> [Task requirements] Here, the job is to give back every entry below unchanged, omitting pictures.

--- Data supplied ---

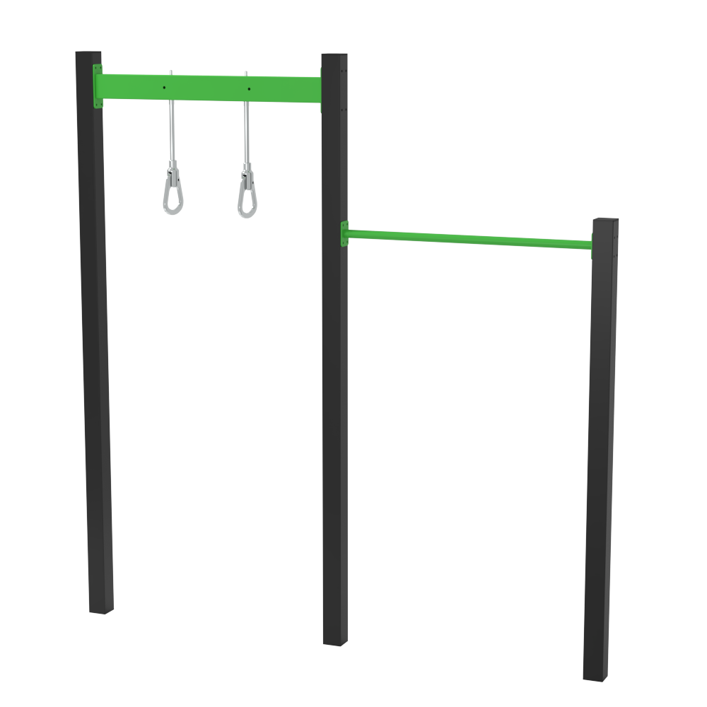 Leukapuomin ja roikkumisrenkaat sisältävä kokonaisuus. Esim. jumppakuminauhaa hyödyntämällä välineiden harjoittelumahdollisuuksia voidaan lisätä käsittämään kokonaisvaltaisesti koko keho.
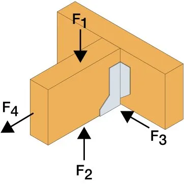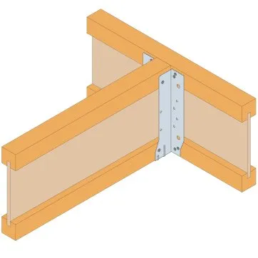 - Cette languette peut être pliée vers le haut pour les cas où le bas de solive n’est pas aligné sur le support.
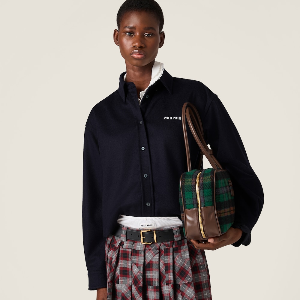 The iconic Miu Miu shirt is reinterpreted with a slightly cropped fit in this velour wool version that combines menswear codes with a young, contemporary essence.
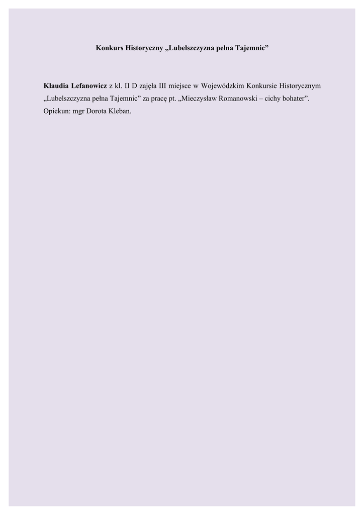 Konkurs Historyczny „Lubelszczyzna pełna Tajemnic” Klaudia Lefanowicz z kl. II D zajęła III miejsce w Wojewódzkim Konkursie Historycznym „Lubelszczyzna pełna Tajemnic” za pracę pt. „Mieczysław Romanowski – cichy bohater”. Opiekun: mgr Dorota Kleban.
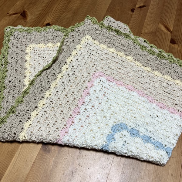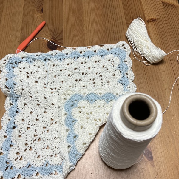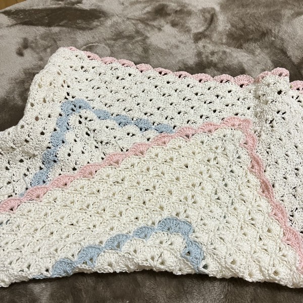 ベビーブランケット作ってなかったー!ってなって急遽作成中です。 差し色ピンクです(5/26)
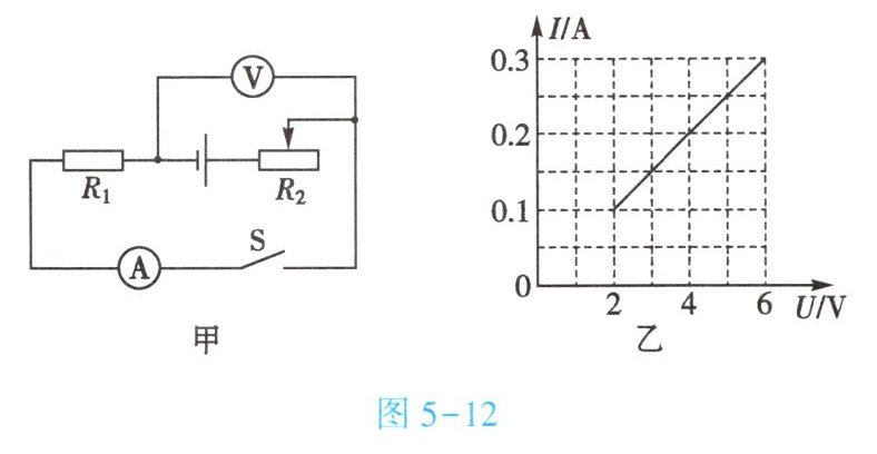 9. (★★★)如图5-12甲所示的电路图中,电源电压为6V,$R_1$为定值电阻,闭合开关$S$后,移动滑动变阻器$R_2$的滑片从一端到另一端的过程中,电流表与电压表示数的关系如图5-12乙所示,则$R_1= $
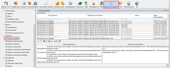 The Exception trace section displays the java stack for the error; the Exception LSF trace displays the lsfusion stack.
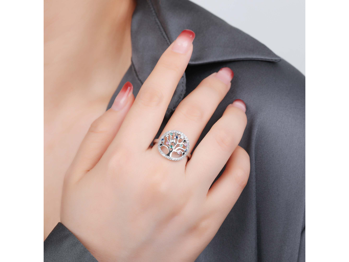 Stříbrný prsten STROM ŽIVOTA barevný Ag 925/1000

---

> [Task answer]
 Leukapuomin ja roikkumisrenkaat sisältävä kokonaisuus. Esim. jumppakuminauhaa hyödyntämällä välineiden harjoittelumahdollisuuksia voidaan lisätä käsittämään kokonaisvaltaisesti koko keho.
 - Cette languette peut être pliée vers le haut pour les cas où le bas de solive n’est pas aligné sur le support.
 The iconic Miu Miu shirt is reinterpreted with a slightly cropped fit in this velour wool version that combines menswear codes with a young, contemporary essence.
 Konkurs Historyczny „Lubelszczyzna pełna Tajemnic” Klaudia Lefanowicz z kl. II D zajęła III miejsce w Wojewódzkim Konkursie Historycznym „Lubelszczyzna pełna Tajemnic” za pracę pt. „Mieczysław Romanowski – cichy bohater”. Opiekun: mgr Dorota Kleban.
 ベビーブランケット作ってなかったー!ってなって急遽作成中です。 差し色ピンクです(5/26)
 9. (★★★)如图5-12甲所示的电路图中,电源电压为6V,$R_1$为定值电阻,闭合开关$S$后,移动滑动变阻器$R_2$的滑片从一端到另一端的过程中,电流表与电压表示数的关系如图5-12乙所示,则$R_1= $
 The Exception trace section displays the java stack for the error; the Exception LSF trace displays the lsfusion stack.
 Stříbrný prsten STROM ŽIVOTA barevný Ag 925/1000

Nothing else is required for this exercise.